第七話 母の檻の中で|〈子贄〉
長い逃亡生活の中で、僕はあらゆる希望を探していた。本に弁護士に心療内科に。だが、どれほど饒舌であっても、要約すればたった三文字――「逃げろ」だった。
誰かに相談すれば、安易に言われた。
「電話番号変えたら?」と。
それは不可能なのだ。
母は、市役所に僕の連絡先を聞きに行く。その連絡先が使えなければ、僕は『行方不明』となる。それで捜索願が出されてしまう。結局、捕まる。
制度が、親子関係を絶たせないのだ。
分かっている。誰も悪くない。家族は、個人を『守るため』の制度なのだから。
「少しのストレスが生活を元気にするって言うじゃないですか。そう思って、今の生活も楽しんだらどうですか。」
そう言われた時、自分の太ももをペンで刺し、殴りたい衝動を抑え込んだ。この言葉の主については書かないでおこう。

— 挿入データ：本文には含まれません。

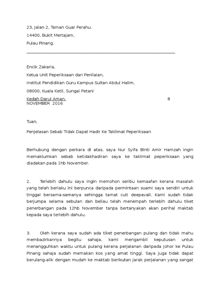 Contoh Surat Tidak Dapat Hadir Taklimat Peperiksaan Pdf
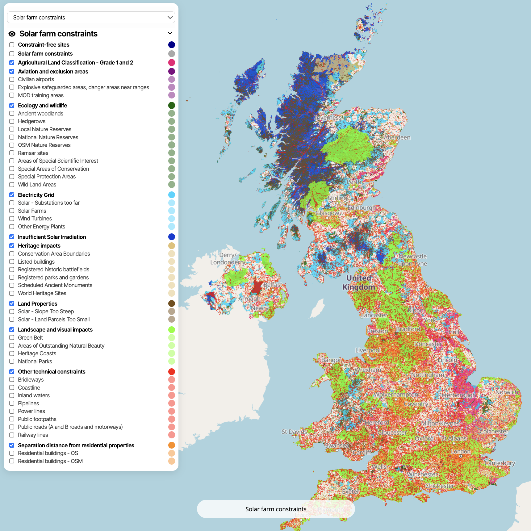 Selecting appropriate sites for onshore wind turbines or solar farms is often complicated and time consuming. Open Site Energy leverages a fully open source approach to renewable site selection so individuals and organisations save time selecting the best sites.
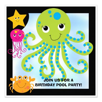 Octopus customizable birthday invitations with a smiling green octpus and crab design, so cute for kids having a beach or pool party or octopus theme birthday!
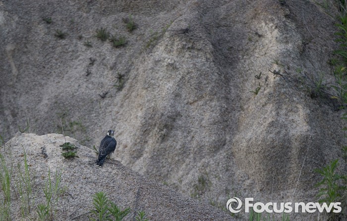 (인천=포커스뉴스) 송골매 유조가 인천시 수도권 매립지들녘의 언덕에서 휴식을 취하고 있다.
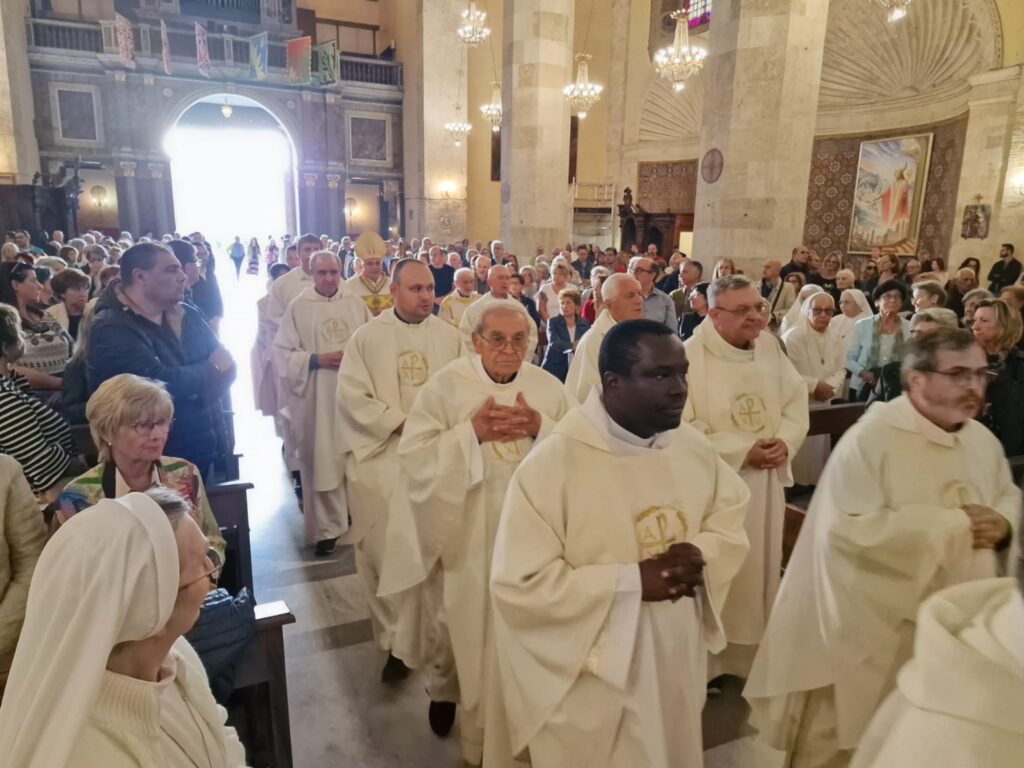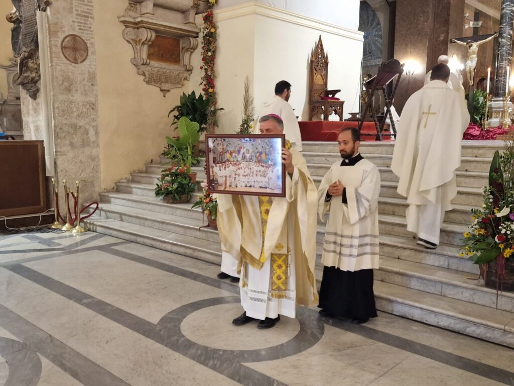 Particolarmente significativo è stato il momento dell’Offertorio, durante il quale il vescovo Gianpiero ha voluto offrire anche una cornice con la fotografia del clero riunito delle due Diocesi di Ascoli Piceno e San Benedetto del Tronto – Ripatransone – Montalto, che, come ha detto egli stesso, custodisce nel suo studio: «Sono tutti i preti e tutti i diaconi delle due Diocesi insieme, un’unità che coinvolge il presbiterio e poi i laici, con cui già da tempo collaboriamo, nelle Caritas, nelle Pastorali Sociali e del Lavoro, nella Pastorale Giovanile. Già da tempo. E più conosco San Benedetto e voi e più ho l’impressione sempre più evidente che ci farà un gran bene camminare insieme, che ci aiuteremo tanto, che condivideremo tante ricchezze. Nessuna pianificazione, nessuna differenza soffocata. Al contrario, ogni identità, ogni ricchezza valorizzata, perché condivisa con gli altri. Nessuno deve essere chiamato a rinunciare a sé, bensì ognuno potrà esprimere tutta la ricchezza che è e che ha, proprio perché la condivide con gli altri. Davvero quello che dobbiamo chiedere a Maria è la Grazia dell’unità.

当事者意識のない意見に、一瞬だけ血が上るが、すぐに自制した。絶望の重ね塗りに、僕の心はもう動かなくなっていった。
驚いたのは兄の変貌だった。兄は母の支配に徹底して反抗していたはずだった。ところが、兄の声の抑揚、目の動き、息遣い、言動のすべてが母に似ていった。
依存先だった父が『使えなく』なった後、その矛先は兄に向いた。兄は母と共に『摂取する側』に回ることで、それを回避した。ある日の僕に向けられたその目は、もう兄ではなく母そのものだった。
母の依存先は、もう僕だけになっていた。
誰であれ、僕を庇えば、母からの攻撃が待っている。
だから、母が接するすべての人は、逃げる僕を制した。
「その場所に母を留めておけ」と言わんばかりに。
そうか、僕は『生贄』として捧げられたのか。
定時で帰らなければ、制裁を受ける。仕事帰りの一杯など、逆鱗に触れる。家に帰ったところで、金切り声が鳴り響く阿鼻地獄。
給与が振り込まれる口座は、母に奪われた。その金で、母は兄が欲しがるものを与えた。兄が持つバイクや車、家具、テレビは、僕の給与から支払われた。
毎週末は、母子で食事を強いられた。周囲からは「仲の良い親子」だと、母はご満悦だ。
時間も金も意志も、何もかもが摂取された。
その間にも、時間が抜けていく。僕からは、音も光も、感覚すらも失われていった。
まるで五感全てを失ったように静かなところに辿り着いた。
ここが父の暮らした『世界』だったのだ。
母は、積み上げた積み木を嘲笑いながら崩す。
積み上げて壊されての繰り返しに、積み上げる前から、壊される情景が浮かぶようになる。
壊されるたび、少しずつ、何かが削れていく。削れていく。少しずつ。確実に。
だが、それが何だったか――思い出せない。
母に良心の呵責などない。積むのを止めるまで、徹底して追い詰める。
積み木を崩す母の歪んだ笑顔を、忘れることはない。思い出されるたび、息が重くなる。
僕に残ったのは、惰性だけだった。
パブロフの犬か、ある種の諦めか。
闇の中で、能面を見上げて過ごすだけの日々が続いた。
それでも、寂しいとは思わなかった。むしろ、独りの方が落ち着けた。
悲しいと感じることはあった。でも、泣くことも無かった。
だが、理屈と感情の外で、身体が拒んでいた。
母と同じ空間に居るだけで、心拍が上がり、呼吸が浅くなった。声は聞こえず、耳鳴りだけがこだました。皮膚表面の血流が止まり、指先の温度が消えるのが分かった。
『かつての』鉄の冷たさと匂いが、脳裏に何度も再生された。それでも、変わらない生贄としての日々を送るしかなかった。
鬼を、世に放たぬように。
世界が壊れぬために、僕が静まるしかなかった。
もう、恨むことすら、諦めていた。